|December 28, 1999
To Whom It May Concern:
My name is John du Pre Gauntt and I would like to submit my nomination to the Advisory Committee on Online Access and Security.
I submit my nomination based upon my understanding of the relevant areas of information technology affecting this debate, past experience in the online publishing world (especially as it pertains to collecting demographics and activity data), and my lack of affiliation to a business, government or consumer privacy interest group. Essentially, I represent myself as an informed citizen of the United States of America.
Based upon my reading of the FTC announcement in the Federal Register, "In selecting Advisory Committee members, the agency will appoint individuals who can represent effectively the broad range of interests affected by commercial Web sites collection of personal information from and about online consumers, including online businesses, trade associations, privacy and consumer groups, and experts in interactive technology ", I foresee a high probability that a dialogue of the deaf will ensue surrounding this critical issue. In a word, the Committee that you are drawing together will attract a plethora of impassioned advocates who have already committed to memory many of the speeches that are likely to be heard. I nominate myself precisely because I am dispassionate and will be able to ask obvious and uncomfortable questions to all sides.
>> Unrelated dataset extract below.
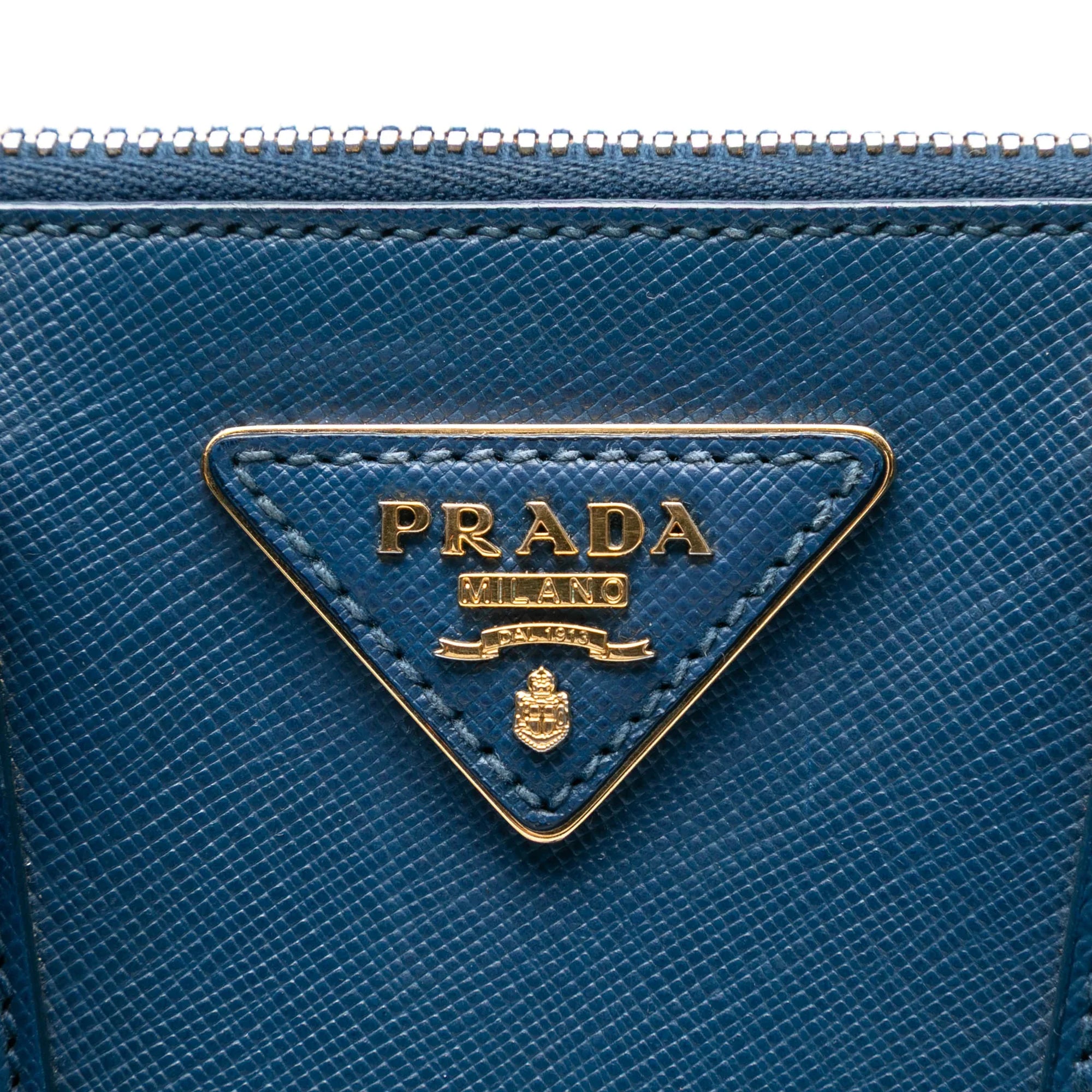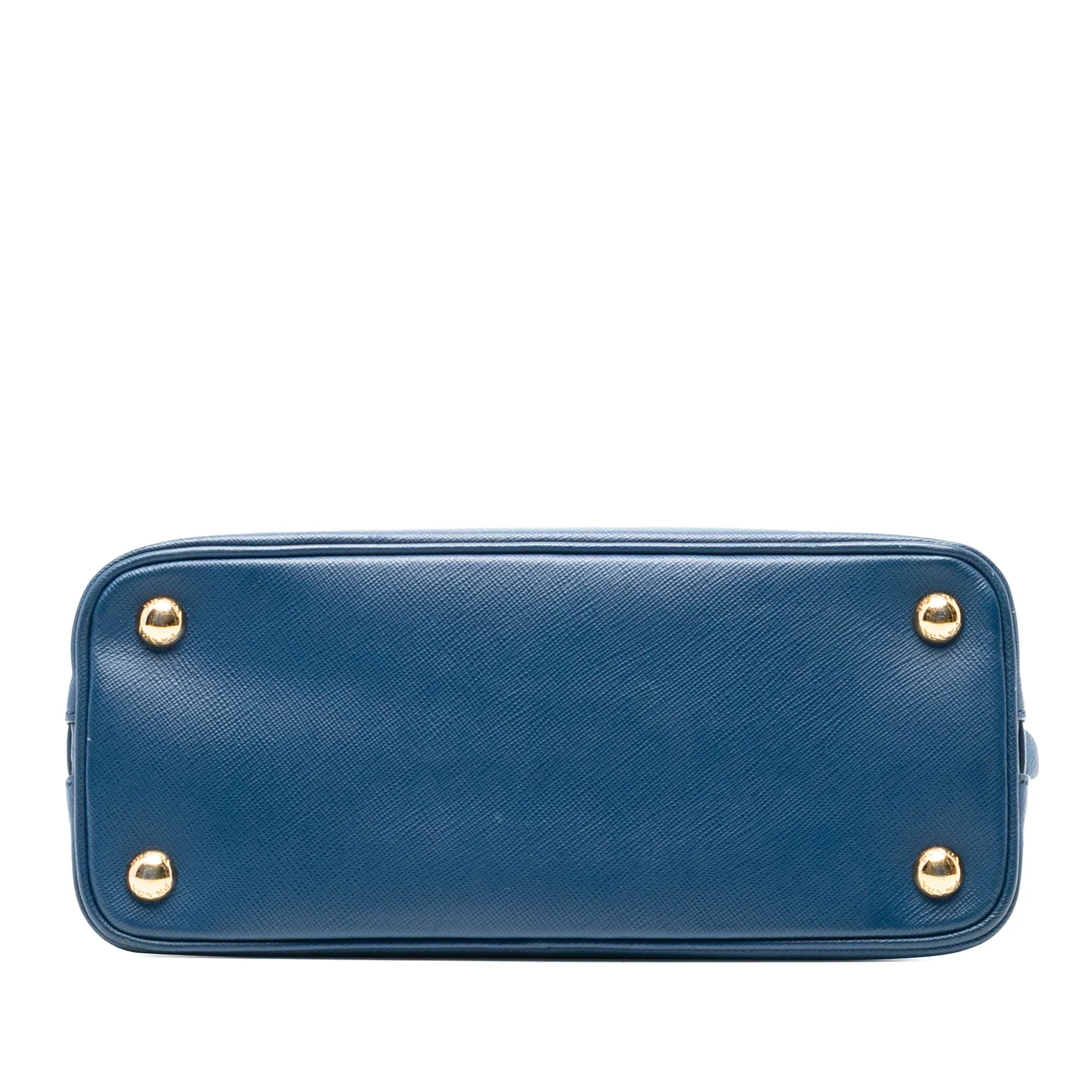 Product Details: Blue Prada Small Saffiano Lux Promenade Satchel. The Promenade Satchel features a saffiano lux leather body, rolled leather handles, a top zip around closure, an interior zip compartment, and interior zip and slip pockets. Exterior back has been repainted. 6.9" L x 10" W x 4.3" D, 3.1" drop.

Specifically, I feel that I am qualified to act as a participant and interlocuteur based upon the following:
Granted that I base my application on my non-partisan background, I feel that it is important to state my basic philosophy regarding online privacy and security. I believe that demographics and activity data are the capital (that which we accumulate and put to work) of the 21st century. Those who can accumulate and draw meaning from user demographics/activity data in order to execute a business strategy will be able to organize essentially all other forms of capital (financial, intellectual, human, technical etc) in order to achieve their goals. It can be argued that in this context, the division of labor is starting to yield to the integration of knowledge about people to define a new economic and social system.
It is no surprise, therefore, that tension exists between those who must seek out, observe and capture insight regarding the predilections of online users and those who feel that network behavior that is short of an actual transaction should be utterly private.
In truth, there is no polar answer that can work. Sun Microsystems CEO Scott MacNealys observation that privacy is already gone and that we should get over it is as fatuous as cyber-libertarian fantasies that we can have our virtual cake (complete freedom from regulation) and eat it too (but if we get ripped off or our privacy invaded we want the cops to show up).
As such, I subscribe to an SEC view of the world regarding the ability of business to police itself. I believe that big business possesses sound judgment and strong moral fiber regarding its responsibility towards protecting customer privacy and I will watch it like a hawk to ensure that it stays that way.
Practically speaking, the Advisory Committee will need to produce a report outlining its recommendations in accordance with the Federal Register by May 15, 2000. Another aspect of my candidacy involves my capability drawn from experience as a journalist and editor to distill comments made by Advisory Committee participants and to construct a logically-organized plain English report on time to budget. I am not sure of the resources to be made available to the Advisory Committee but I offer my services.
I have enclosed my resume along with a copy of the 1999 PwC Electronic Business Technology Forecast. Currently, I work independently and am able to schedule my time to fit the listed meeting schedule as well as other ad hoc meetings. I have listed the names of references that you may call if you have questions about me or my ability to participate effectively in this dialogue.
I am well aware of the delicate balance of responsibilities and goals inherent in an effort of this type as well as certain constraints placed upon the agency. That said, I ask that you consider my nomination from a somewhat counterintuitive point-of-view. In the maturation process of the Internet and electronic commerce, a necessary (though not entirely beneficial) side-effect has been the gradual substitution of professional avocats in place of informed individuals in the policy formation process. It is not surprising, therefore, that an increasingly significant segment of the population comes to believe that their interests are not being truthfully represented but are instead being manipulated in the service of a power struggle among elites. Having no direct interest to represent enables me to speak on behalf of a much larger though very difficult to organize constituency; namely, the thoughtful individual.
I appreciate your consideration of my nomination.